Blood and ICE in Minneapolis
The killing of Renee Nicole Good is the latest act of gun violence by agents of Trump’s immigrant crackdown.
A protester holds up a sign reading "Renee," for Renee Nicole Good, the woman fatally shot by a U.S. Immigration and Customs Enforcement officer in Minneapolis on Wednesday, outside the Minneapolis federal building on Jan. 8, 2026. (Graphic by Truthdig; images via AP Photo, Adobe Stock)
Thousands of people have gathered in a South Minneapolis neighborhood to mourn 37-year-old mother Renee Nicole Good, who was shot multiple times and killed by an Immigration and Customs Enforcement agent yesterday. The shooting, which was recorded by multiple bystanders, is the latest of more than a dozen by Department of Homeland Security agents carrying out raids and abductions around the country.
The DHS confirmed the shooting, which took place less than a mile from where George Floyd was killed by Minneapolis police officer Derek Chauvin in May 2020. While officials claimed that Good was using her SUV to attack ICE agents, video evidence immediately contradicted this narrative. Photos from the scene of the killing showed stuffed animals in the glove compartment of Good’s car. Another video showed a sobbing woman saying that agents had killed her wife.
Minneapolis Mayor Jacob Frey had a clear message for ICE and the DHS following the shooting: “Get the fuck out of Minneapolis,” Frey said. “We do not want you here.” The mayor went on to urge residents not to “take the bait” from the federal government. “They want us to respond in a way that creates a military occupation in our city,” he said. “Let’s not let them.”
“We do not want you here.”
Minnesota Gov. Tim Walz, who also strongly condemned the shooting, ordered the Minnesota National Guard to prepare for deployment in case of unrest, as in the days following Floyd’s murder in 2020.
Federal officials have been targeting Minneapolis and its Somali population since early December, arresting hundreds in what it is calling its “largest immigration operation ever.” The administration said it would be sending 2,000 additional agents to the city after a right-wing influencer made a viral video of himself harassing day care workers under the guise of rooting out fraud.

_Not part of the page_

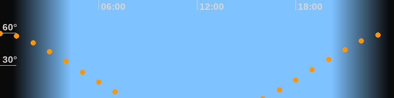 | Aufgang | 16:00 Uhr im Nordosten (αAz = 56°) |

Good’s killing is the ninth shooting by an immigration officer in the past four months, according to The New York Times. In September, an ICE officer shot and killed 38-year-old Silverio Villegas González in the Chicago suburb of Franklin Park. In early October in Chicago, Border Patrol agent Charles Exum shot Marimar Martinez five times. (The victim had originally been charged with assaulting federal agents, but the charges were dismissed after text messages were made public in which Exum wrote, “I fired 5 shots and she had 7 holes. Put that in your book boys.”)
On New Year’s Eve, an off-duty ICE agent shot and killed 43-year-old Keith Porter in Los Angeles when Porter was shooting off celebratory gunfire.

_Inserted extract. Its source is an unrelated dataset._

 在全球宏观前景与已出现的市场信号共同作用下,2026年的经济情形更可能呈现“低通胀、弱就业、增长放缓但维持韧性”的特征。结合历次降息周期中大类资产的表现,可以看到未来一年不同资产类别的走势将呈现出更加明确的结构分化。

Altogether, The Trace has identified 28 incidents in which federal agents have shot someone or held them at gunpoint during an immigration enforcement action — a number approaching the roughly 30 people believed to have died in ICE custody in 2025. Noting that its number is not a complete count, The Trace report believes that fully half of these incidents — 14 of 28 — have involved shootings.
They include the shootings of three people observing or documenting ICE raids; the shootings of five people driving away from traffic stops or evading an enforcement action; and the September 30 raid on a Chicago apartment building, during which half-asleep tenants and their children were held at gunpoint. At least four people have been killed and five others have been injured.
The Trace also found 13 incidents involving the use of “less-lethal” munitions by agents — things like rubber bullets and pepper balls — 10 of them at protests. Two of the victims were pastors, shot with pepper balls during protests in California and Chicago. “It is unusual for immigration enforcement agencies to use less-lethal munitions,” reports the site:
Rubber bullets and pepper balls … can cause welts and burning in the lungs and eyes [and] are more often deployed by local police during protests and civil unrest. But since Trump’s crackdown began, federal agents have used them against swarms of bystanders that formed when ICE tried to apprehend someone.
“They’re describing what’s happening to cities across the United States as an invasion and using language and imagery that’s evocative of war,” said [one expert]. “The fact that immigration agents are responding in a way that is more aggressive than what is customary cannot be divorced from [that] rhetoric.”